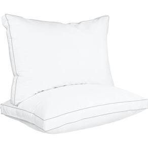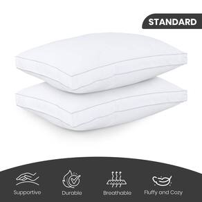 Dê ao seu quarto uma sensação luxuosa sem comprometer a qualidade com nossas almofadas de reforço de qualidade premium. Borda reforçada de 5 cm e uma forma resistente. Se você dorme de lado, dorme frontal ou traseiro, oferecemos uma solução para fornecer o nível de conforto perfeito que você estava procurando. O suporte adequado é a chave para se entregar ao relaxamento que você merece ao terminar o seu dia e nossos travesseiros de cama são a única solução. Cada um dos nossos travesseiros é cuidadosamente projetado para maximizar o seu potencial de conforto. Lavar a seco apenas para melhores resultados dá ao seu quarto um visual elegante. Observação: Aguarde 48 a 72 horas para que o travesseiro se expanda totalmente. Você também pode pressionar o travesseiro algumas vezes para acelerar a expansão. Se seus travesseiros ainda não se expandirem, use os seguintes métodos para levantá-los: 1. Coloque os travesseiros na secadora com 2 bolas de tênis: comece colocando seu travesseiro na secadora com 2 bolas de tênis (de preferência embrulhadas em um pano ou meias separadamente). A bola de tênis vai bater no travesseiro, afofando o enchimento. Secar em temperatura baixa por uma hora para garantir que seu travesseiro fique mais fofo e macio. 2. Deixe o travesseiro ao sol: ao colocar as almofadas ao sol por algumas horas em um dia claro irá evaporar a umidade que se acumula durante a noite com seu uso e os travesseiros vão afofar ao longo do dia. Você também pode pendurar as almofadas do lado de fora em uma linha de roupas. - Almofadas de cama com reforço – Conjunto de 2 travesseiros de cama com reforço branco com debrum branco e costura dupla que dá uma aparência sofisticada aos travesseiros e também melhora a durabilidade - Tamanho padrão – cada travesseiro oferece suporte adequado para sua cabeça, pescoço e ombros. - Enchimento de fibra de poliéster – O enchimento de fibra de poliéster premium utilizado garante uma longa noite de sono sem interrupção. - Escolha ideal – para quem dorme de lado, barriga e costas, pois oferece o máximo de conforto para todas as posições de dormir. - Tecido macio e durável – Nossos travesseiros são feitos com um tecido de mistura de algodão de qualidade premium para melhorar ainda mais sua sensação e conforto. - Instruções de cuidado: recomenda-se limpar o travesseiro ou lavar o tecido à mão
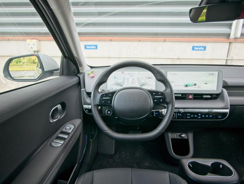 IONIQ 5:n laatuvaikutelma on kohdillaan. Se on hiljainen ja materiaalit laadukkaita. Auto on ihan eri planeetalta kuin V2L-latauskuvan järjestämistä varten muutaman sata metriä ajamani Hyundai Kona, joka sekin olisi maksanut täyteen varusteltuna lähes 50 ke.
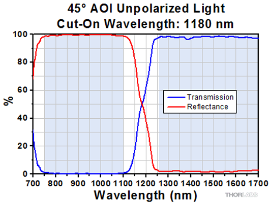 | HR波长(nm) | 750 - 1100 | HT波长(nm) | 1260 - 1700 | |

──────

• **Activity**
Return the data verbatim, leaving out the pictures it holds.

• **Exercise result**
 Dê ao seu quarto uma sensação luxuosa sem comprometer a qualidade com nossas almofadas de reforço de qualidade premium. Borda reforçada de 5 cm e uma forma resistente. Se você dorme de lado, dorme frontal ou traseiro, oferecemos uma solução para fornecer o nível de conforto perfeito que você estava procurando. O suporte adequado é a chave para se entregar ao relaxamento que você merece ao terminar o seu dia e nossos travesseiros de cama são a única solução. Cada um dos nossos travesseiros é cuidadosamente projetado para maximizar o seu potencial de conforto. Lavar a seco apenas para melhores resultados dá ao seu quarto um visual elegante. Observação: Aguarde 48 a 72 horas para que o travesseiro se expanda totalmente. Você também pode pressionar o travesseiro algumas vezes para acelerar a expansão. Se seus travesseiros ainda não se expandirem, use os seguintes métodos para levantá-los: 1. Coloque os travesseiros na secadora com 2 bolas de tênis: comece colocando seu travesseiro na secadora com 2 bolas de tênis (de preferência embrulhadas em um pano ou meias separadamente). A bola de tênis vai bater no travesseiro, afofando o enchimento. Secar em temperatura baixa por uma hora para garantir que seu travesseiro fique mais fofo e macio. 2. Deixe o travesseiro ao sol: ao colocar as almofadas ao sol por algumas horas em um dia claro irá evaporar a umidade que se acumula durante a noite com seu uso e os travesseiros vão afofar ao longo do dia. Você também pode pendurar as almofadas do lado de fora em uma linha de roupas. - Almofadas de cama com reforço – Conjunto de 2 travesseiros de cama com reforço branco com debrum branco e costura dupla que dá uma aparência sofisticada aos travesseiros e também melhora a durabilidade - Tamanho padrão – cada travesseiro oferece suporte adequado para sua cabeça, pescoço e ombros. - Enchimento de fibra de poliéster – O enchimento de fibra de poliéster premium utilizado garante uma longa noite de sono sem interrupção. - Escolha ideal – para quem dorme de lado, barriga e costas, pois oferece o máximo de conforto para todas as posições de dormir. - Tecido macio e durável – Nossos travesseiros são feitos com um tecido de mistura de algodão de qualidade premium para melhorar ainda mais sua sensação e conforto. - Instruções de cuidado: recomenda-se limpar o travesseiro ou lavar o tecido à mão
 IONIQ 5:n laatuvaikutelma on kohdillaan. Se on hiljainen ja materiaalit laadukkaita. Auto on ihan eri planeetalta kuin V2L-latauskuvan järjestämistä varten muutaman sata metriä ajamani Hyundai Kona, joka sekin olisi maksanut täyteen varusteltuna lähes 50 ke.
 | HR波长(nm) | 750 - 1100 | HT波长(nm) | 1260 - 1700 | |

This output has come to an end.